■ **Assignment**
Among the entries below, only the lines from the one with "Моделът Swarovski 5377545" through the one with "女性に扱いやすい小さめサイズのレディースバックパックです。" are wanted, reproduced exactly. Pictures are not wanted.

[Records for processing Boundary: Start]

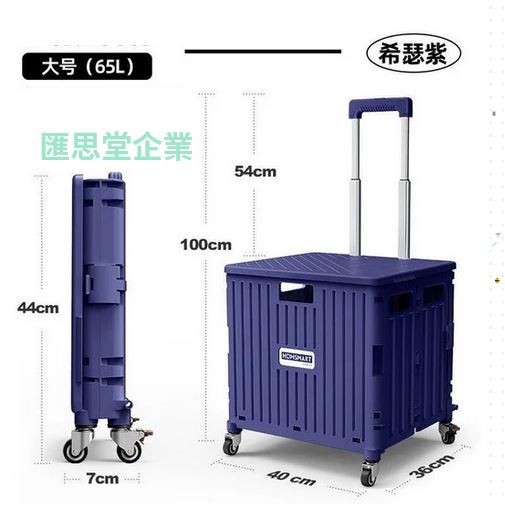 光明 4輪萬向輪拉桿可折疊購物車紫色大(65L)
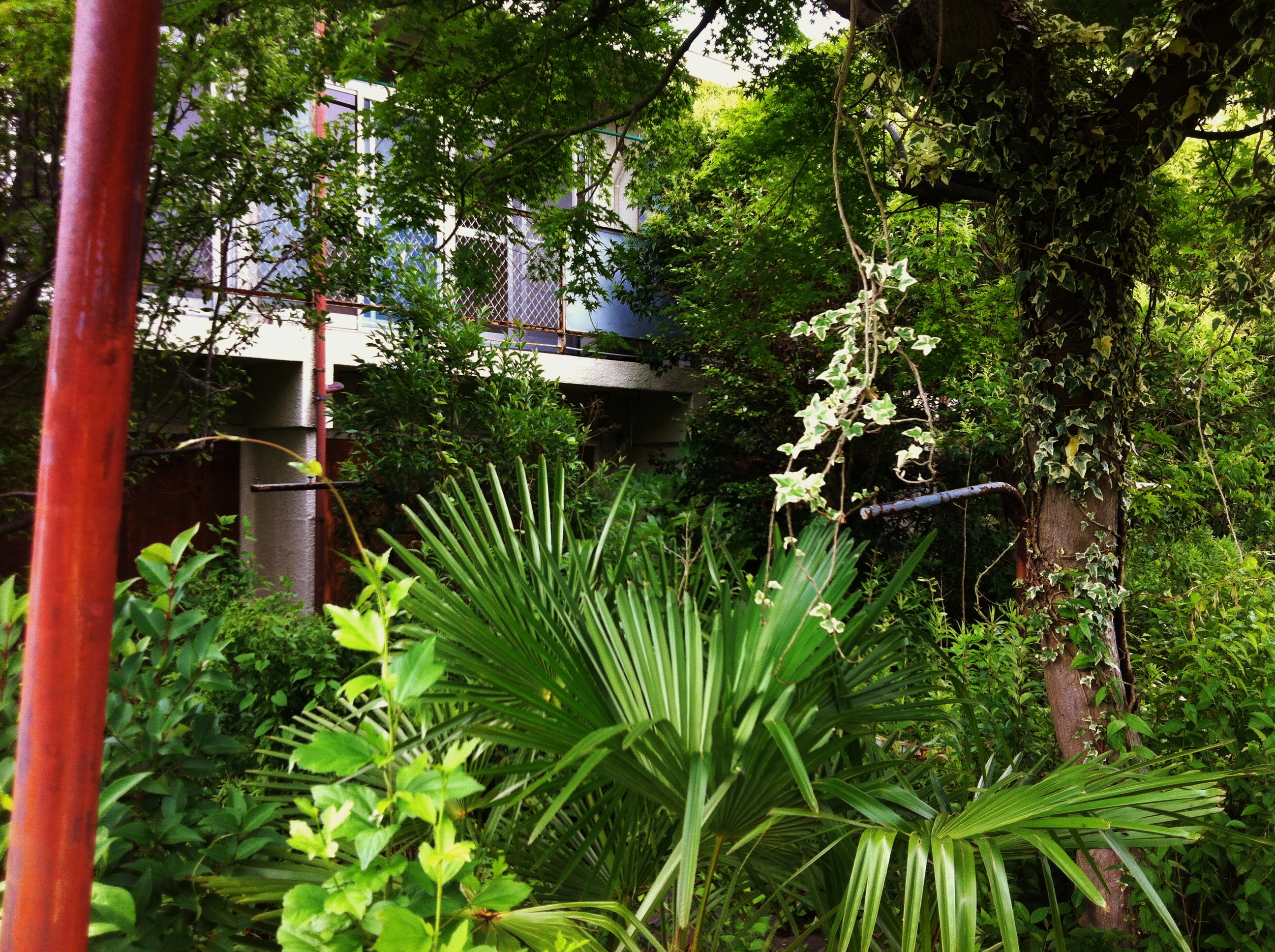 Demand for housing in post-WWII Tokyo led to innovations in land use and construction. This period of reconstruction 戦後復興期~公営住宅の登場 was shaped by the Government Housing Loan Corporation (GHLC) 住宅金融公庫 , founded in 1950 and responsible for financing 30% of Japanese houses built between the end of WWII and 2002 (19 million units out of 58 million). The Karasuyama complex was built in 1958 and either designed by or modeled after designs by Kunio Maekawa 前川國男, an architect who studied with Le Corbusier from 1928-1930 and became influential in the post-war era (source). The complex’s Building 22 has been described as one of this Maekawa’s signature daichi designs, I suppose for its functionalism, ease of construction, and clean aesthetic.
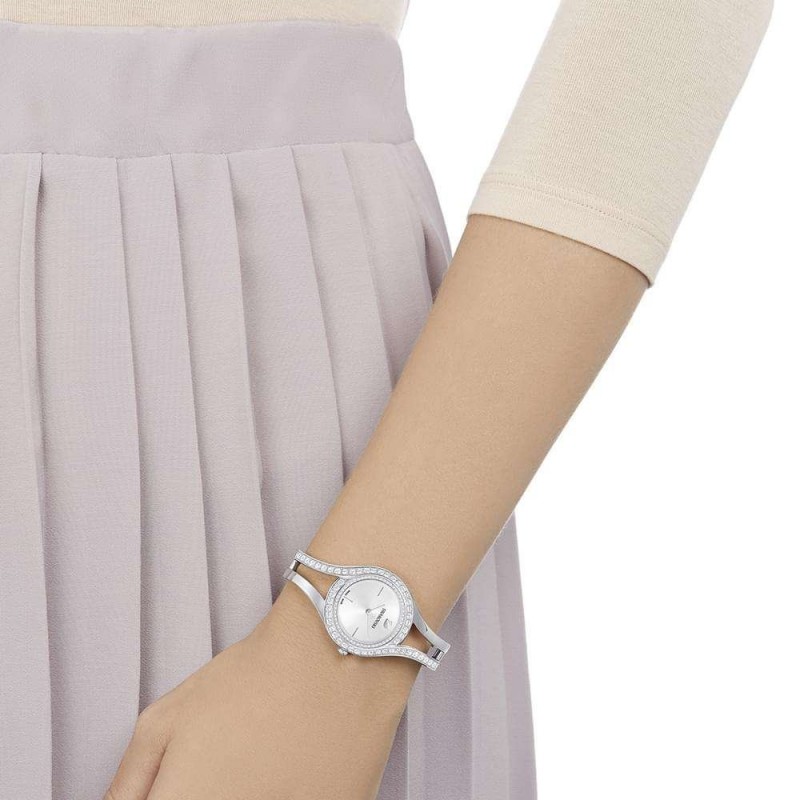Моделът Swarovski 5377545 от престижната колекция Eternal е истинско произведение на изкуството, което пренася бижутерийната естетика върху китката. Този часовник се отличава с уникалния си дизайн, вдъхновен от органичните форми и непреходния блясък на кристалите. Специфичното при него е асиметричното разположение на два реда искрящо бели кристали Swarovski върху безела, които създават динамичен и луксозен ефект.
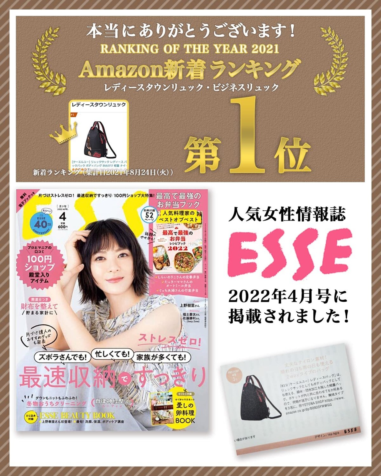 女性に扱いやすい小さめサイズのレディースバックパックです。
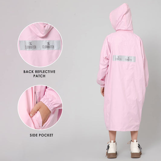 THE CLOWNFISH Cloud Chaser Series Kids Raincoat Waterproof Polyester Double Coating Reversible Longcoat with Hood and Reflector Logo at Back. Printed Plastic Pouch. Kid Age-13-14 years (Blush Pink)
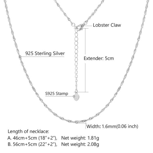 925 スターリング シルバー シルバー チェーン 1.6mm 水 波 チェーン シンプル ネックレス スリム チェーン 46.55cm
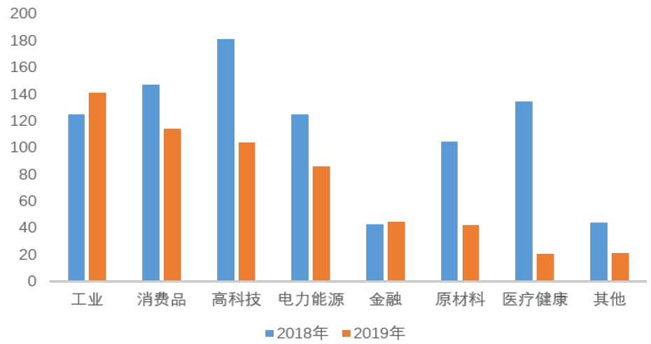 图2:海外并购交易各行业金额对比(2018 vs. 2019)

[Records for processing Boundary: End]
[Records for processing Boundary: Start]

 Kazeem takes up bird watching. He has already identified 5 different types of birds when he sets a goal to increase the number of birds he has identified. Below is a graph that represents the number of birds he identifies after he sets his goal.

[Records for processing Boundary: End]
[Records for processing Boundary: Start]

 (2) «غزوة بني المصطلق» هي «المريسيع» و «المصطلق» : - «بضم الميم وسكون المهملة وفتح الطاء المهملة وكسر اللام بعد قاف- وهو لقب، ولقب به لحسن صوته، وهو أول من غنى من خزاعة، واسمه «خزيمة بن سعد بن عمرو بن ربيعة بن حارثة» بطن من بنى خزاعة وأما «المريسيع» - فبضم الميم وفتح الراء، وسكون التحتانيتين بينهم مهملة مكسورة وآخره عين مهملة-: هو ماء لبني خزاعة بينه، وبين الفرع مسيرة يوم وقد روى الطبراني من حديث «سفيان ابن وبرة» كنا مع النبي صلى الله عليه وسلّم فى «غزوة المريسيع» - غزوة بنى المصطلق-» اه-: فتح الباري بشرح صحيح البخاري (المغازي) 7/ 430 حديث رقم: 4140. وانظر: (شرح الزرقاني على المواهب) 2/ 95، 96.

[Records for processing Boundary: End]

■ **Task solution**
Моделът Swarovski 5377545 от престижната колекция Eternal е истинско произведение на изкуството, което пренася бижутерийната естетика върху китката. Този часовник се отличава с уникалния си дизайн, вдъхновен от органичните форми и непреходния блясък на кристалите. Специфичното при него е асиметричното разположение на два реда искрящо бели кристали Swarovski върху безела, които създават динамичен и луксозен ефект.
 女性に扱いやすい小さめサイズのレディースバックパックです。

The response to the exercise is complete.